Congrats MarkyP fantastic machine, welcome to the club.


----------



## forzajuve (Feb 2, 2011)

This is becoming an L1 club on here, you guys need your members club ties


----------



## MarkyP (Jan 10, 2013)

I can't believe it's been a week already but as the saying goes - time flies when you're having fun!

Things are getting better and better, I am starting to get consistently good results now that I've got my head around it all.

I've upped the dose to 16g in the standard double basket, don't tamp at all, I'm just using the weight of the tamper with a little nutation and then a polish and 27 seconds later have great results!

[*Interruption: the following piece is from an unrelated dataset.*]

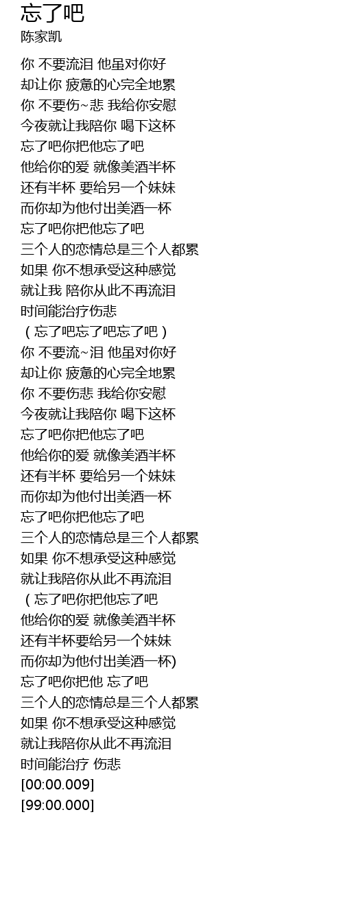 | [00:53.31] | 忘了吧你把他忘了吧 |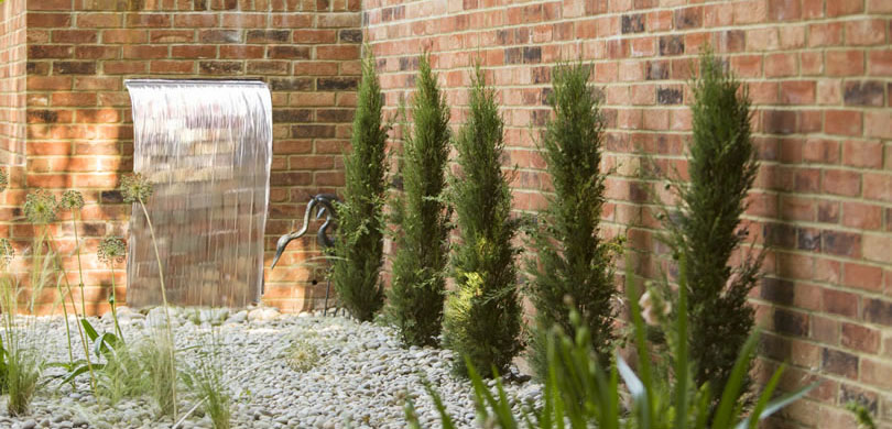 The garden was divided into four areas over five different levels, simplifying it from what had been done previously and enlarging some areas to make them more useable. The patio, lawn and shed all became the main part of the garden with the apple tree as a focal point which is lit at night. The garden then drops down to an herb garden at the side and then drops again to a gravel garden with further seating and a waterfall. The bottom level is a woodland walk as this is under the shade of a mature sycamore tree. A major retaining wall to the left of the garden was replaced and increased in height to create a fifth level, essentially a tall, raised bed making maintenance a little easier from the steep slope that had been there previously. All the garden is now accessible with slight changes of character as you move around the space to create more enjoyment.

I'm still getting a little water left on the puck, so will need to loosen the grind a tad... I'm 4 whole settings from the burrs touching at the moment ! All those issues I thought I had with my grinder are forgotten!!!

I'm loving this.


----------



## coffeechap (Apr 5, 2012)

forzajuve said:


> This is becoming an L1 club on here, you guys need your members club ties


I am on this l1 owners club merchandise,!!!


----------



## Mrboots2u (May 10, 2013)

coffeechap said:


> I am on this l1 owners club merchandise,!!!


Tie? Baseball cap? Pens?


----------



## MarkyP (Jan 10, 2013)

Bumper sticker?


----------



## drude (Apr 22, 2013)

It's a DHL woman round here, but two big boxes came today.


----------



## The Systemic Kid (Nov 23, 2012)

Wonder what that could be?


----------



## MarkyP (Jan 10, 2013)

I'm all for equality...


----------